Julio C. Chavez, MD, Associate Member in the Lymphoma Section of the Department of Malignant Hematology at Moffitt Cancer Center, Tampa, who co-moderated the session where the glofitamab study was presented, shared his thoughts with The ASCO Post.
“Glofitamab has great activity in high-risk relapsed/refractory diffuse large B-cell lymphoma as a single agent. This is an unmet need in the era of CAR [chimeric antigen receptor] T-cell therapy, since not all patients can be cured with CAR T. Secondly, unlike CAR T-cell therapy, it is an off-the-shelf treatment that allows patients to be treated as soon as it is clinically needed. Another attribute of this agent is that it is a time-limited option that allows patients to be off therapy if they achieve a complete response,” Dr. Chavez said.
“The study showed that the majority of patients who achieve a complete response do not relapse, which is pretty encouraging.
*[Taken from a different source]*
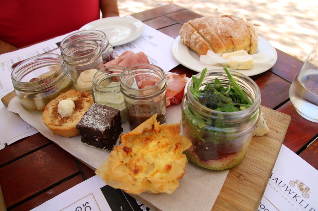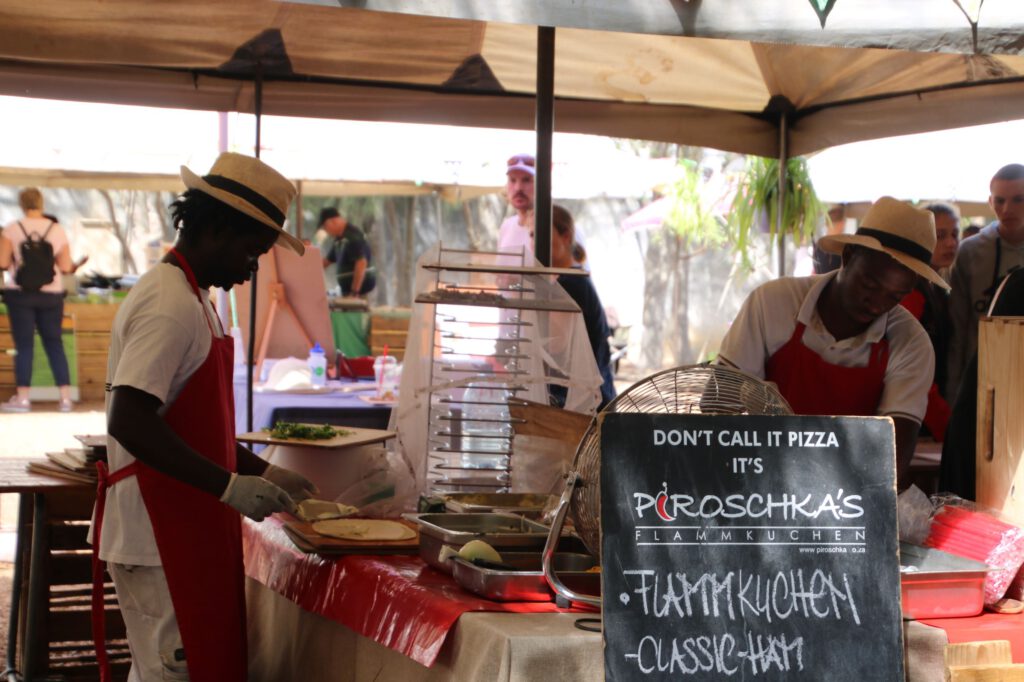 Nur 10 Minuten Fahrt benötigen wir, um zum Weingut Blaauwklippen zu gelangen, auf dessen Gelände JEDEN Sonntag der sogenannte Family Market stattfindet. Rolf Zeitvogel, deutscher Önologe und Geschäftsführer des Weinguts, hatte uns 2015 bei unserem Besuch auf dem Weingut von dem Markt vorgeschwärmt, auf dem allerlei Köstlichkeiten, aber auch Kunsthandwerk etc. angeboten wird, alles „homemade“. Entfernt erinnert uns die Szenerie, Menschen, die entspannt plaudernd an urigen Tischen unter Schatten spendenden Bäumen sitzen, an das Heckenfest unseres Musikvereins in Steinmauern und sind völlig von den Socken, als wir unter den Speiseangeboten Flammkuchen entdecken (auch in Steinmauern der Renner!).

It is also encouraging that retreatment with glofitamab is an option for patients who relapse; however, as with other agents in relapsed/refractory diffuse large B-cell lymphoma, the majority will not respond and will have a poor prognosis,” he noted.
Boom in Bispecifics
The ever-expanding list of bispecific antibodies in lymphoma “is a good problem to have,” he said, noting the need for multiple options since the prognosis of this cancer is poor. And it is not yet clear whether there are appreciable differences among these new agents. “All bispecific antibodies are active in diffuse large B-cell lymphoma; however, there appear to be some differences in terms of efficacy, dosing, and logistics,” according to Dr. Chavez.
Glofitamab and epcoritamab have similar efficacy (and are perhaps a bit better than odronextamab), but the former is a time-limited therapy, which is an advantage. The need to administer obinutuzumab prior to glofitamab seems to add some complexity to the treatment. Nevertheless, clinicians should be familiar with this antibody, as it is approved for other conditions (chronic lymphocytic leukemia, follicular lymphoma), he said.
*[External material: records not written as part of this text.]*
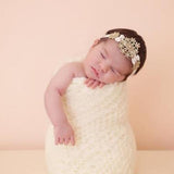 This beautiful headpiece is stunning! This headpiece has a lovely vintage flapper style flair. Its perfect for newborn baby girls, made with ivory velvet stretch band, gold lace flowers and ivory bow. Embellished with Gold Swarovski Rhinestones. Also available on a hard ivory headband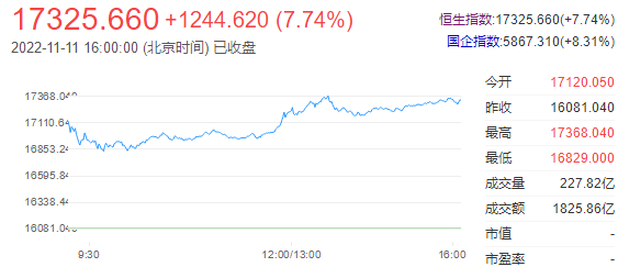 港股全天呈现暴涨行情,恒生科技指数“涨停”(10.05%),上涨超300点,恒指涨7.74%上扬超1200点,国指涨8.31%,三者皆创反弹新高。港股后市展望:天风证券表示,互联网中期估值性价比高,建议乐观看待长期价值回归。历经前期大幅波动后,当前市场环境对于潜在催化剂的反应相对敏感。外部环境整体呈现改善态势,中国科技互联网企业估值处于历史相对低位,基本面修复趋势较明确,中期估值性价比较高。短期重点关注影响企业收入加速拐点的宏观前置指标、以及市场流动性/风险偏好的影响因素。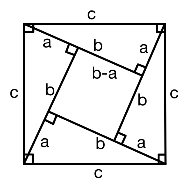- 4. 外側の正方形から三角形4つを引いた面積が (b - a)2 に等しいことを示す

Primarily because of glofitamab’s fixed duration of treatment and its similar efficacy and toxicity profile, Dr. Chavez maintained most hematologists would prefer glofitamab over epcoritamab in this disease. “But it will also depend on their familiarity with the drug,” he said, noting that oncologists involved in the pivotal studies may be most comfortable. Clinicians at academic institutions familiar with CAR T-cell therapy and bispecific agents should have no issues managing the toxicities, he said, but clinicians elsewhere will have “a learning curve” in using these drugs. “Therefore, there should be great focus on education to providers and for developing systems or programs in community hospitals once these agents are available,” he added.
Sequencing Considerations
In light of a growing number of treatment options beside bispecifics—including CAR T-cell therapy, polatuzumab vedotin-piiq, loncastuximab tesirine-lpyl, and tafasitamab-cxix—“the exact sequencing of treatments will be challenging, especially with the lack of formal trials comparing these agents,” Dr. Chavez said. Since he belongs to an academic center with CAR T-cell capabilities, he said his first choice for relapsed or refractory diffuse large B-cell lymphoma would be CAR T-cell therapy due to its proven efficacy and its long-term supportive data. “I would probably reserve glofitamab for relapses post–CAR T. For the rare patient who is not a candidate for CAR T, glofitamab could be used first,” he said.
DISCLOSURE: Dr. Chavez reported financial relationships with TG Therapeutics, BeiGene, Epizyme, AstraZeneca, MorphoSys/Incite, Adicet, Kite Pharma, Genmab, and AbbVie.